El intenso ciclo de revuelta popular, no sólo alteró radicalmente la estructura de participación que tiene en jaque al sistema político nicaragüense -con el surgimiento de nuevas redes de movimientos sociales, nuevos líderes y experimentos de alianzas que interpelan a todo el sistema de partidos políticos-, sino que ha colocado en el centro de las interrogantes el futuro del FSLN en tanto principal expresión partidaria del sandinismo. Ello incide claramente en la actual división que la izquierda latinoamericana enfrenta al abordar el conflicto nicaragüense.
En diálogo con ese fenómeno, la presente reflexión está orientada por tres preguntas centrales: ¿El actual ciclo de confrontación política tiene potencialidades para extinguir al FSLN, como lo expresan algunos actores presentes en la revuelta popular? ¿La rebelión ciudadana puede salvar al sandinismo de la influencia orteguista, mostrando un abismo entre ambos? ¿Cuáles son las oportunidades de sobrevivencia del orteguismo y del sandinismo, más allá de la actual convulsión nicaragüense?
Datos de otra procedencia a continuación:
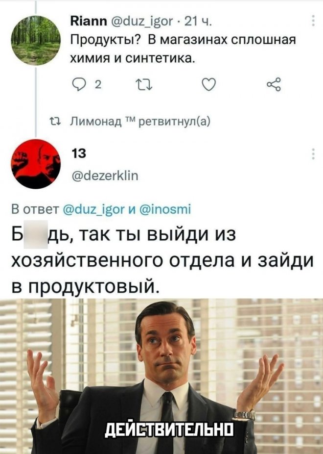 2023-04-25 12:16:38 @pressa.tv в Картинки с надписями Юмор из соцсетей Авторские шутки и комментарии из социальных сетей мемы юмор смешные картинки юмор из соцсетей +107 Комментарии 3 Просмотров 49.8K Внимание! Комментарии нарушающие правила сайта, будут удалены Отправить дима 25 апреля 2023 21:22 +1 костик-военком! Ответить Гость никто 25 апреля 2023 21:22 -5 Женщины из 60-х реально выглядели как бабки уже в 20 лет. Ответить 01 25 апреля 2023 21:44 +2 У меня пять джинсавэто грустный стихНе влезает жопани в один из них... Ответить Девушка заказала домой новогоднюю ёлку, а бонусом получила новых питомцев Китайская очищающая масочка для сковородок В Дубае планируют построить 580-метровый небоскрёб - Emirates Air Hotel с настоящим A380 на крыше Pontiac Bonneville 1964 года выпуска Турецкий певец прямо во время выступления ловко поймал ртом сигарету, которую ему кто-то бросил из зала В Японии, когда вы забираете кота из приюта, надо, чтобы он лично всё подписал

Para responder estas interrogantes pretendo desarrollar el debate a lo largo de tres bloques. En el primero, intento comprender el actual conflicto como un escenario en donde ambos fenómenos -sandinismo/orteguismo- conviven bajo una tensión operada por actores dentro del campo de la izquierda nicaragüense. En el segundo bloque intento explicar la existencia de esas tensiones a lo largo de las reformas partidarias a las que Ortega sometió al FSLN entre 1995 y 2006, para finalmente extraer algunas conclusiones que nos ayuden a considerar posibilidades para la existencia y/o convivencia de ambos fenómenos, en dependencia del curso que tome el actual conflicto y sus respectivas salidas institucionales.
Ortega contra la historia del FSLN
El conflicto que mantiene a Nicaragua en vilo se encuadra en una disputa de narrativas dentro del campo de la izquierda nicaragüense, surgido a la luz de la división profunda que afectó al sandinismo entre 1994 y 1995. En aquellos años, dos tendencias internas del FSLN que emergieron tras el impacto de la derrota electoral de 1990 mantuvieron una tensión interna alrededor de la conducción del partido y las estrategias de retorno al poder.
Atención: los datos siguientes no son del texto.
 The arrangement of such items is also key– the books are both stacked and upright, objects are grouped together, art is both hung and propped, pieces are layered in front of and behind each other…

No era una disputa menor. El FSLN no sólo parecía obligado a adecuarse a un contexto adverso, adoptando estrategias partidarias de oposición a un gobierno neoliberal, tras diez años al frente de un poderoso aparato estatal y habiendo liderado una exitosa revolución armada contra la dictadura somocista. Con el surgimiento del Movimiento de Renovación Sandinista (MRS) y el desafío de transformarse en un partido político lejos de los recursos del estado, asociado a una pérdida gradual del control sobre las organizaciones de masa, el FSLN se sumió en una profunda crisis organizativa.
Siendo entonces el más importante líder de la oposición, en los 90s Ortega fue quedando aislado en la conducción de la dirección partidaria y en abierta confrontación con líderes alternativos que intentaron la candidatura presidencial en 1996 y 2001, enfrentando las zancadillas partidarias.
Ese episodio abrió espacio para una confrontación discursiva alrededor del “ser sandinista”. Para Ortega y los dirigentes que mantuvieron el apoyo a sus estrategias, la conformación del MRS era la expresión de un grupo de “traidores” a la causa sandinista, “aliados de la derecha”. Los “renovadores” -la mayoría de ellos miembros del sandinismo histórico- argumentan que fueron las estrategias de Ortega y sus aliados -a través del pacto con el Partido Liberal Constitucionalista del ex Presidente Arnoldo Alemán, así como las reformas partidarias del FSLN, entre otros hechos- lo que alejaron a Ortega del principio sandinista, transformando al partido en una propiedad familiar, lejos de las prácticas dialógicas y de formación política que caracterizaban al FSLN.
Tal disputa se recolocó en la actual crisis política, pero asumiendo otros contornos. En la lógica de Ortega, la revuelta cívica, no sólo es expresión de una “conspiración de la derecha vandálica”, sino que también amenaza la continuidad de lo que el orteguismo llama la “segunda fase de la revolución popular”, en el entendimiento de que existe una secuencia entre el gobierno que terminó en abril de 1990 y el electo en 2006. Sin embargo, con los primeros ataques para-policiales del 19 de abril y el surgimiento de los grupos paramilitares, Nicaragua comenzó a conocer pronunciamientos de militantes históricos del FSLN que recriminaron la represión orteguista y admitieron que la dupla Ortega-Murillo ha excluido a lo largo de los últimos diez años a un conjunto de sandinistas de vieja data que se han visto abiertamente desplazados a raíz de las reformas partidarias.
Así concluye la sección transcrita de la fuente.